■ **Exercise instructions**: Please transcribe the listing that follows exactly; images are to be excluded.

■ **Collected material**:
**********
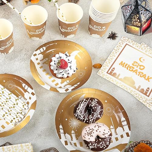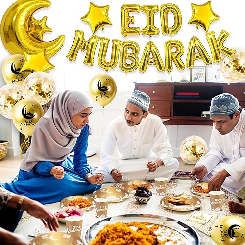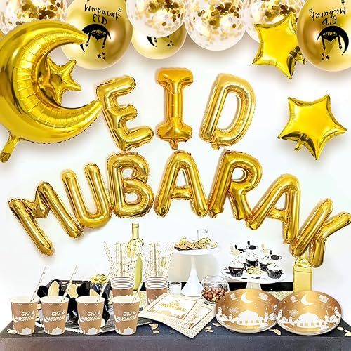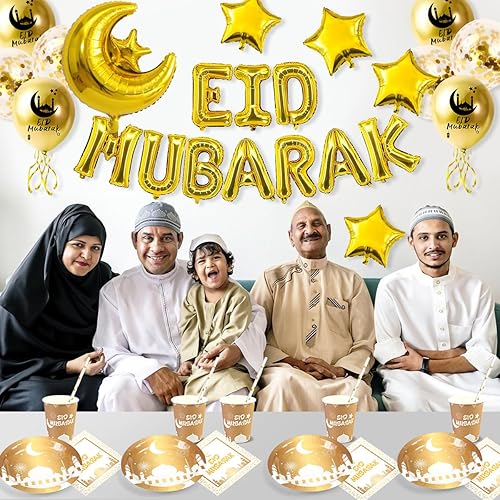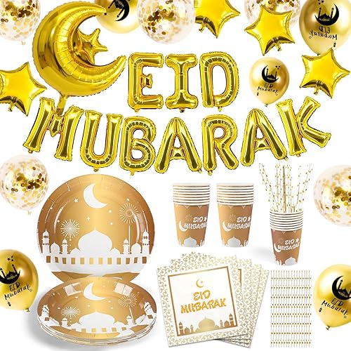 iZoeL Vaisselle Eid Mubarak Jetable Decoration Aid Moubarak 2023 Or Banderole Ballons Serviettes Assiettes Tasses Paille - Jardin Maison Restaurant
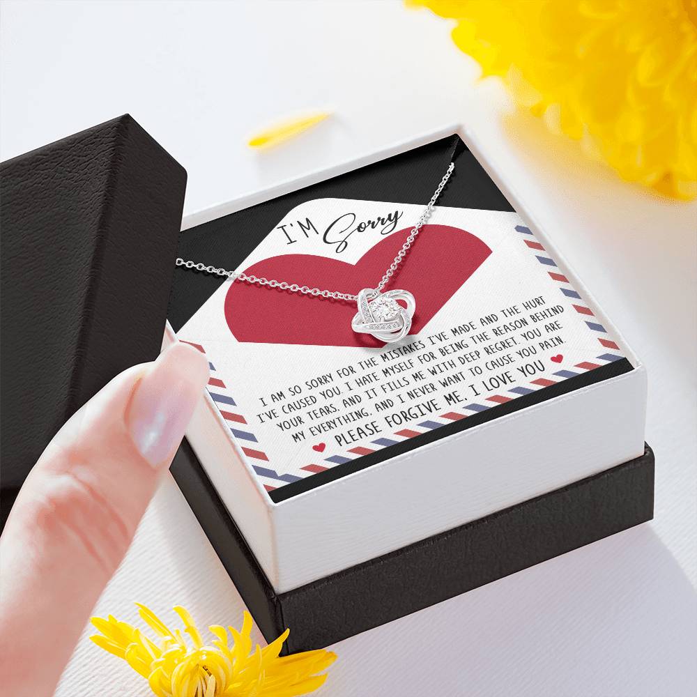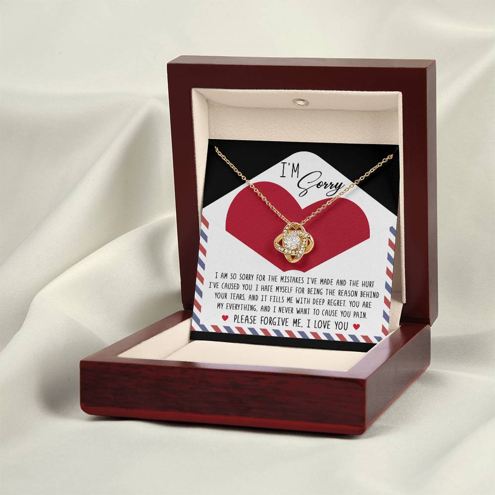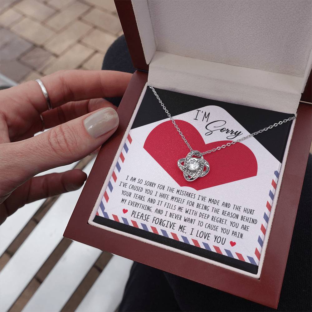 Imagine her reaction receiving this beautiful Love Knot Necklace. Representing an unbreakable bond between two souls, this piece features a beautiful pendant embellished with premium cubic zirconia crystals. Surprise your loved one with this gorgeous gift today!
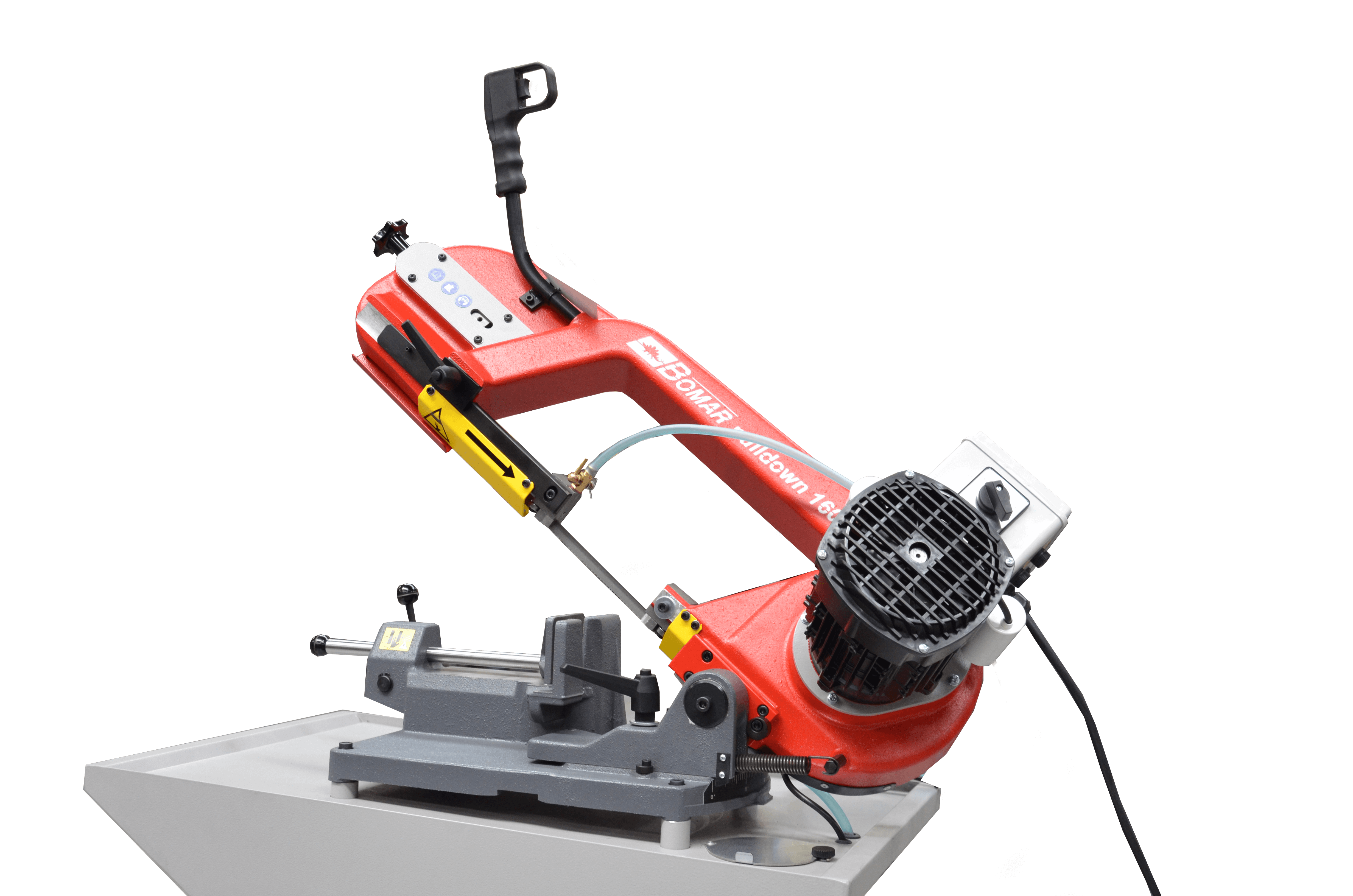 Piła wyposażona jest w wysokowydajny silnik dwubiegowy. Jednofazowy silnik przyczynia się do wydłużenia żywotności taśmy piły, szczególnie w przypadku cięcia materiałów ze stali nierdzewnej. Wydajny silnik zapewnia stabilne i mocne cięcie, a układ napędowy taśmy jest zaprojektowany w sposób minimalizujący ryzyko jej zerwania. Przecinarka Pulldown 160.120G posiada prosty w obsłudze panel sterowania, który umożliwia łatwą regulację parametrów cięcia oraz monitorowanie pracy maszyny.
**********
■ **Result**:
 iZoeL Vaisselle Eid Mubarak Jetable Decoration Aid Moubarak 2023 Or Banderole Ballons Serviettes Assiettes Tasses Paille - Jardin Maison Restaurant
 Imagine her reaction receiving this beautiful Love Knot Necklace. Representing an unbreakable bond between two souls, this piece features a beautiful pendant embellished with premium cubic zirconia crystals. Surprise your loved one with this gorgeous gift today!
 Piła wyposażona jest w wysokowydajny silnik dwubiegowy. Jednofazowy silnik przyczynia się do wydłużenia żywotności taśmy piły, szczególnie w przypadku cięcia materiałów ze stali nierdzewnej. Wydajny silnik zapewnia stabilne i mocne cięcie, a układ napędowy taśmy jest zaprojektowany w sposób minimalizujący ryzyko jej zerwania. Przecinarka Pulldown 160.120G posiada prosty w obsłudze panel sterowania, który umożliwia łatwą regulację parametrów cięcia oraz monitorowanie pracy maszyny.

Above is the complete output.